I'll be your huckleberry.

https://www.rollitup.org/t/gorilla-bubble-from-tonygreens-tortured-beans.899212/


----------



## Tkm953 (Oct 29, 2016)

Grew some cherry hash from bodhi ,outdoors this past summer,plants were around six feet and very potent.


----------



## OG Jewish connissor (Nov 7, 2016)

I tried Deep Purple and guess what purple buds and leaves smells like grape slushy got a choke to it wonderful taste and flavor Do granddaddy and the kush thing maybe mix with a haze or widow


----------



## LtlWilli (Nov 19, 2016)

Since I refuse to support the cartels, I have been smoking only what I have grown here for months...So far, Bubblegum and Big Bomb are to my liking.


----------



## cannagardenguy (Nov 20, 2016)

Mazar


----------



## OG Jewish connissor (Nov 21, 2016)

me too its great smoking for months what I grew nothing like it. Day 4 my 50 starters Deep Purple male x kush, NL ML have all popped their heads looking great for November should be interesting I will veg 5 or 6 weeks then flower sort the males start more seeds and continue until spring I will regenerate these females why because they love to expand when regenerated I mean alot more than a seed does most of the time. You learn something new every grow and I been doing this since I was 14 now at almost 62 the interest still sparks my emotions as I put all the love I got left into making them go thru the cycle of lifes giving pleasures we all agree on that right????


----------



## OG Jewish connissor (Nov 21, 2016)

Tkm953 said:


> Grew some cherry hash from bodhi ,outdoors this past summer,plants were around six feet and very potent.


What do you mean cherry hash what type or kind of species of plant is that OG?


----------



## OG Jewish connissor (Nov 21, 2016)

luckybleu said:


> Hi ,ordering some beans looking for some recommendations on some good indica strains maybe some purps , any input welcome.Thanks


Try deep purple or granddaddy purps you might like lsd comes out like that and fruity pebbles incredible colors appear


----------



## HydroNito305 (Nov 21, 2016)

LtlWilli said:


> Since I refuse to support the cartels, I have been smoking only what I have grown here for months...So far, Bubblegum and Big Bomb are to my liking.


"Big Bomb"


----------



## Olive Drab Green (Nov 21, 2016)

Anything from Humboldt Seed Organization.


----------



## luckybleu (Nov 25, 2016)

HydroNito305 said:


> "Big Bomb"
> View attachment 3836788


Did the thc bomb last run good nighttime smoke


----------



## OG Jewish connissor (Nov 25, 2016)

So what exactly is Thc Bombs makeup genetics thc% time to grow from seed to harvest ave weight smell color?? These are the things I need to know quote from Riddick the Lord Marshall speaks Necros


----------



## Olive Drab Green (Nov 25, 2016)

OG Jewish connissor said:


> So what exactly is Thc Bombs makeup genetics thc% time to grow from seed to harvest ave weight smell color?? These are the things I need to know quote from Riddick the Lord Marshall speaks Necros


You spelled Connoisseur wrong, and if you are an OG guy, look into HSO's gear.


----------



## OG Jewish connissor (Nov 25, 2016)

Olive Drab Green said:


> You spelled Connoisseur wrong, and if you are an OG guy, look into HSO's gear.

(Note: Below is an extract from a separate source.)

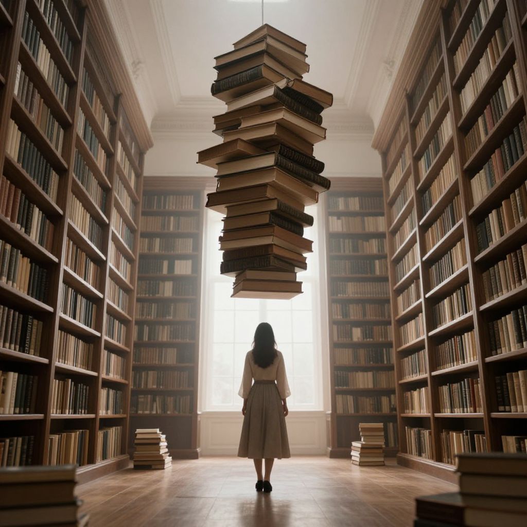 In a hushed, ethereal library, a woman stands beneath a towering stack of books defying gravity, suspended mid-air like a silent sentinel in a realm where knowledge floats freely.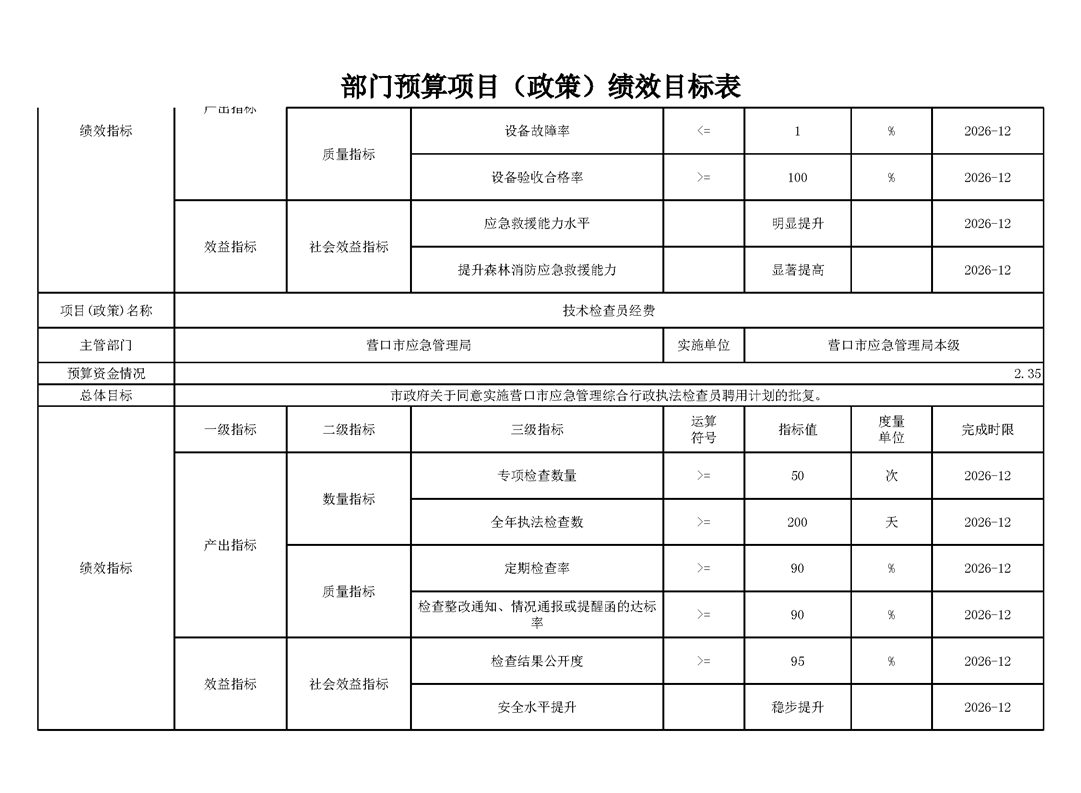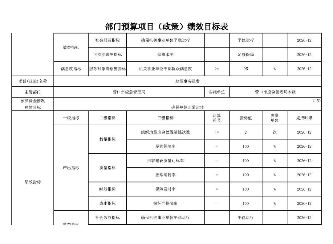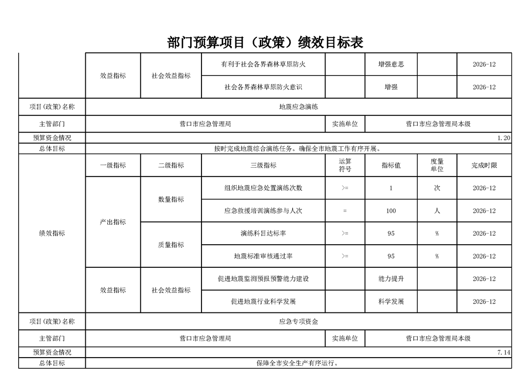 2026年营口市应急管理局部门预算公开

What is with this spell it wrong you know what I meant I have a cognitive deficit get on me about that wow Olive oil come on its the message that counts I been indulging for 49 years how about you??? If I spelled it right I might not have got to use the name since we are all connoisseurs What is HSO's gear and what the heck is your statement about?? I know all about spirituality as I am there at this time are you? OG Jewish C


----------



## Olive Drab Green (Nov 25, 2016)

OG Jewish connissor said:


> What is with this spell it wrong you know what I meant I have a cognitive deficit get on me about that wow Olive oil come on its the message that counts I been indulging for 49 years how about you??? If I spelled it right I might not have got to use the name since we are all connoisseurs What is HSO's gear and what the heck is your statement about?? I know all about spirituality as I am there at this time are you? OG Jewish C


Easy, brother. If you are so spiritual, calm your soul.


----------



## Olive Drab Green (Nov 25, 2016)

@OG Jewish connissor

https://www.humboldtseeds.net/en/buy-cannabis-seeds/

You can't order directly from this site, but here's a menu for you. Order from @Midweek Song or @GorillaSeedBank, or any site sponsor, really.

Some of their OGs:

-Chocolate Mint OG
-Lemon Garlic OG
-Lost Coast OG

etc.


----------



## OG Jewish connissor (Nov 25, 2016)

The soul is calm when I play my music even more thanks for the comment live long and Prosper


----------



## LtlWilli (Nov 25, 2016)

luckybleu said:


> Did the thc bomb last run good nighttime smoke


Yes, the Bomb was easy to sleep with and relax...Most enjoyable.


----------



## luckybleu (Nov 26, 2016)

Olive Drab Green said:


> You spelled Connoisseur wrong, and if you are an OG guy, look into HSO's gear.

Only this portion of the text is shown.